In [12], Iarussi E. et al. presented an interactive drawing tool that provides automated guidance over model photographs to help people practice traditional drawing-by-observation techniques. The drawing literature describes a number of techniques to support this task and help people gain consciousness of the shapes in a scene and their relationships. They compiled these techniques and derived a set of construction lines that they automatically extract from a model photograph.

In [13], Gao F. et al. presented a drawing robot which can automatically transfer a facial picture to a vivid portrait, and then draw it on paper in an average of two minutes. At the heart of their system is a novel deep learning-based portrait synthesis algorithm. Innovatively, they employed a self-consistency loss, which makes the algorithm capable of generating continuous and smooth brush-strokes. In addition, they proposed a componential sparsity constraint to reduce the number of brush-strokes over insignificant areas.

In [14], Xie J. et al. presented PortraitSketch, an interactive drawing system that helps novices create pleasing, recognizable face sketches without requiring prior artistic training. As the user traces over a source portrait photograph, PortraitSketch automatically adjusts the geometry and stroke parameters (thickness, opacity, etc.) to improve the aesthetic quality of the sketch.
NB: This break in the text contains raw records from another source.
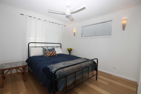 - Located towards the back of the home are two good sized bedrooms with built-in wardrobes and ceiling fans; master bedroom has split system air conditioner.
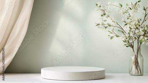 Minimalist Product Display: A pristine white circular podium rests against a calming sage green backdrop.
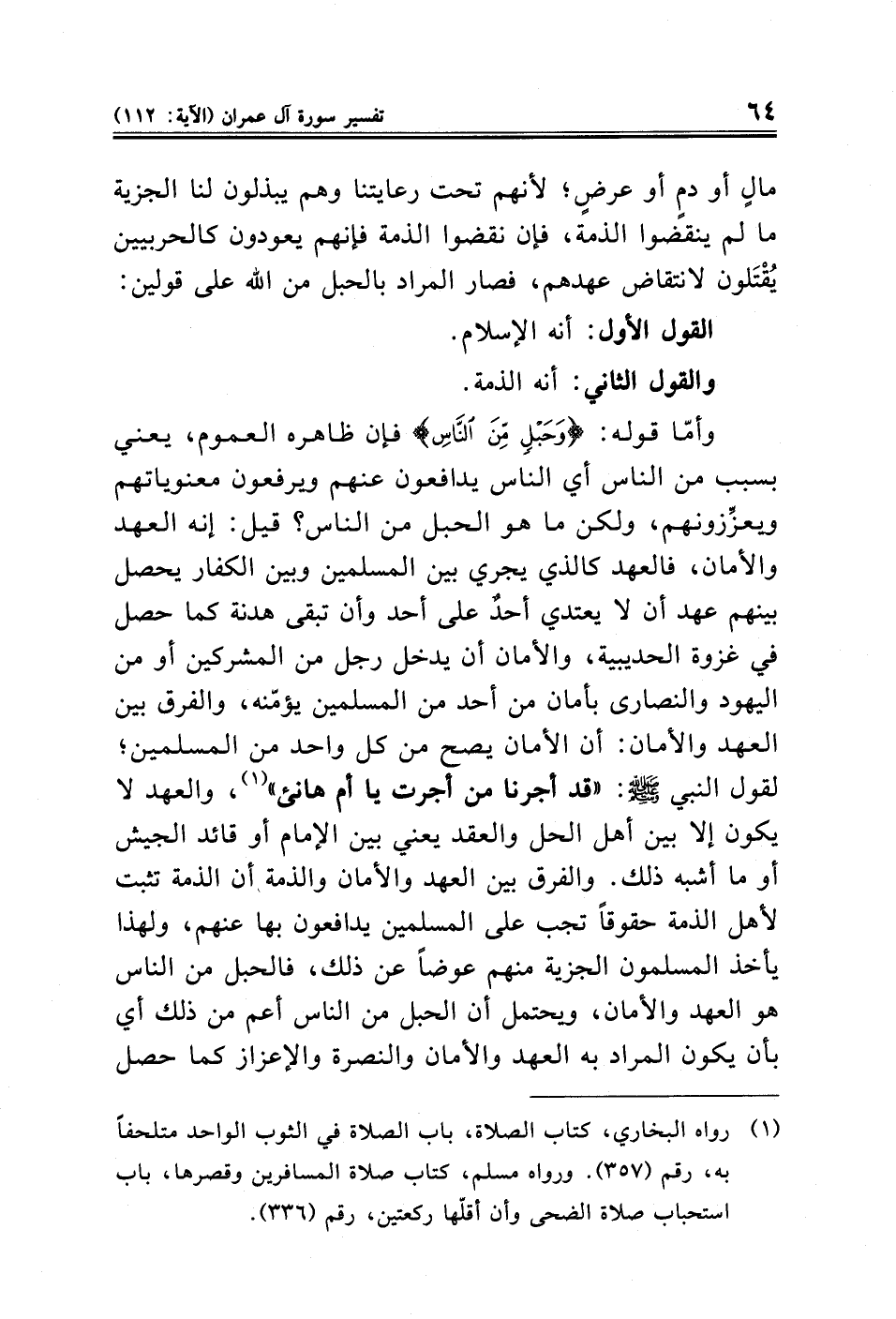 وأمّا قوله: {وَحَبْلٍ مِنَ النَّاسِ} فإن ظاهره العموم، يعني بسبب من الناس أي الناس يدافعون عنهم ويرفعون معنوياتهم ويعزِّزونهم، ولكن ما هو الحبل من الناس؟ قيل: إنه العهد والأمان، فالعهد كالذي يجري بين المسلمين وبين الكفار يحصل بينهم عهد أن لا يعتدي أحدٌ على أحد وأن تبقى هدنة كما حصل في غزوة الحديبية، والأمان أن يدخل رجل من المشركين أو من اليهود والنصارى بأمان من أحد من المسلمين يؤمّنه، والفرق بين العهد والأمان: أن الأمان يصح من كل واحد من المسلمين؛ لقول النبي - صلى الله عليه وسلم -: "قد أجرنا من أجرت يا أم هانئ" (¬١)، والعهد لا يكون إلا بين أهل الحل والعقد يعني بين الإِمام أو قائد الجيش أو ما أشبه ذلك. والفرق بين العهد والأمان والذمة أن الذمة تثبت لأهل الذمة حقوقا تجب على المسلمين يدافعون بها عنهم، ولهذا يأخذ المسلمون الجزية منهم عوضًا عن ذلك، فالحبل من الناس هو العهد والأمان، ويحتمل أن الحبل من الناس أعم من ذلك أي بأن يكون المراد به العهد والأمان والنصرة والإعزاز كما حصل

They presented algorithms for adjusting both outlines and shading strokes based on important features of the underlying source image.

In [15], Li S. et al. proposed AgeFace, an interactive drawing interface that assists users in creating facial features with age-specific features based on user input strokes. They evaluated the usability of AgeFace by a user experience experiment and a comparison experiment with baseline approaches. The results verified that AgeFace could achieve better performance in usability and better support in the creative process than baseline systems.
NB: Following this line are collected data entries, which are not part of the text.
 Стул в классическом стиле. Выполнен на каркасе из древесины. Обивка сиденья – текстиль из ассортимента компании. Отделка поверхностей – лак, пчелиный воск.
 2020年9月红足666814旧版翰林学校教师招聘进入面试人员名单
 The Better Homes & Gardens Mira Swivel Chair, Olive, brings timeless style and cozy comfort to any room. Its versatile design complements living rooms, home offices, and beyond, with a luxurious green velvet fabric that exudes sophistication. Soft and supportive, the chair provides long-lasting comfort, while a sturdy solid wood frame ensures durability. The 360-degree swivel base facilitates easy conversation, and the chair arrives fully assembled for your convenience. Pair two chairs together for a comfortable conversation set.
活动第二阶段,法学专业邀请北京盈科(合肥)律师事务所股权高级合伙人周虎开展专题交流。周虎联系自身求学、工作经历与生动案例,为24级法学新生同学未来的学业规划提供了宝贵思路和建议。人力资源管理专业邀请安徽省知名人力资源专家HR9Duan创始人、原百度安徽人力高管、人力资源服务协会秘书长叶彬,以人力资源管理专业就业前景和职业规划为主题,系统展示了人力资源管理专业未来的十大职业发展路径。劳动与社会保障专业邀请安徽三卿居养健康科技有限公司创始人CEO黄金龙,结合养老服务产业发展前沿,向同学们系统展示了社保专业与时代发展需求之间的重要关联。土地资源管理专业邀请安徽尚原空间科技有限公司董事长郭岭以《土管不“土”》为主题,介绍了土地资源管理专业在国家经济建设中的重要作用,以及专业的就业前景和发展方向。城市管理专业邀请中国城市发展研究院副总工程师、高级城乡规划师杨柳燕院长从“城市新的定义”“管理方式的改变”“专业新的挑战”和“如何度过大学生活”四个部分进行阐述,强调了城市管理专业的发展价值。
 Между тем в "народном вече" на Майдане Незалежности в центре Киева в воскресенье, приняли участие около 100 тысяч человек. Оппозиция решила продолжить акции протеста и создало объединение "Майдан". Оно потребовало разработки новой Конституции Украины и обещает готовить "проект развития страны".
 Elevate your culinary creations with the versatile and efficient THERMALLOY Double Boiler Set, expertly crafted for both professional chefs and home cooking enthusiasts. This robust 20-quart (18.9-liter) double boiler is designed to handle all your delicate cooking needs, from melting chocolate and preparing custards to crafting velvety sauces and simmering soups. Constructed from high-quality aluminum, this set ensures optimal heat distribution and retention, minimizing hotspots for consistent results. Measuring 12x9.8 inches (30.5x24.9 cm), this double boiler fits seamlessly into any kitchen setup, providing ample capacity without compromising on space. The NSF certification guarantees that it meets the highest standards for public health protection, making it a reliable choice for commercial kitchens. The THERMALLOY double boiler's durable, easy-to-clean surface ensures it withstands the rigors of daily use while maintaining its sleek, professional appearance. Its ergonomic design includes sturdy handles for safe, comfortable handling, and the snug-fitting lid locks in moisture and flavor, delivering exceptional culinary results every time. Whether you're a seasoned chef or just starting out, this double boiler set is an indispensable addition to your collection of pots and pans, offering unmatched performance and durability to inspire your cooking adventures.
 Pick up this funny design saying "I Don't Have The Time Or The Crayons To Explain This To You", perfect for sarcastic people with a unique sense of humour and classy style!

In summary, while the techniques and methods described above have greatly improved the image drawing process, they have focused primarily on improving the final output or providing tools to assist in drawing. They do not directly address and instruct novices in the learning process. They do not provide step-by-step instructions or basic training to help novices improve their drawing skills in a systematic way. This gap in the research background provides an opportunity for further research and development of the system designed to help novices learn the fundamentals of portrait drawing. Such a system could provide tailored instruction, feedback, and educational resources.

3. Review of Portrait Drawing Learning Assistant System

In this section, we review the Portrait Drawing Learning Assistant System (PDLAS) [2].

3.1. System Overview

A PDLAS has been designed and implemented to assist novices in drawing portraits using electronic devices such as a tablet or a personal computer with a digital pen, and a drawing software. In our preliminary implementation [3], we adopted an iPad [16] and Apple Pencil with the drawing software Procreate (version 5.3.10).

To guide drawing portrait by novices, an image of the auxiliary lines of the face is generated by an auxiliary line generation algorithm, and is inserted at a different layer from the one for drawing the portrait in Procreate. This algorithm extracts the facial features and contours of face components such as the eyes, eyebrows, nose, and mouth from a given face photo, using OpenPose and OpenCV.

OpenPose is used to find the coordinates of the keypoints that represent important locations to determine the structure of a human body. The auxiliary lines for the eyes, the mouth, the lower face contour, the nose, and the head top are extracted from them. The OpenCV library is used to extract the auxiliary lines for the hair, the eyebrows, and the eyeglasses.

3.2. OpenPose

OpenPose is a popular open-source software to furnish the coordinates for 70 facial keypoints, illustrated in Figure 1. These keypoints denote the positions of the facial features.

3.3. Auxiliary Lines

The auxiliary lines serve to assist a user drawing a portrait by easily grasping the overall structure of the face and the position of each facial feature, which include the following:

• Triangle auxiliary lines widely used in drawing methods [17];
• Outlines of the eyes, the shape of the mouth, and the lower face contour;
• Three circle auxiliary lines for the nose;
• Outlines of the hair, the eyebrows, and the eyeglasses.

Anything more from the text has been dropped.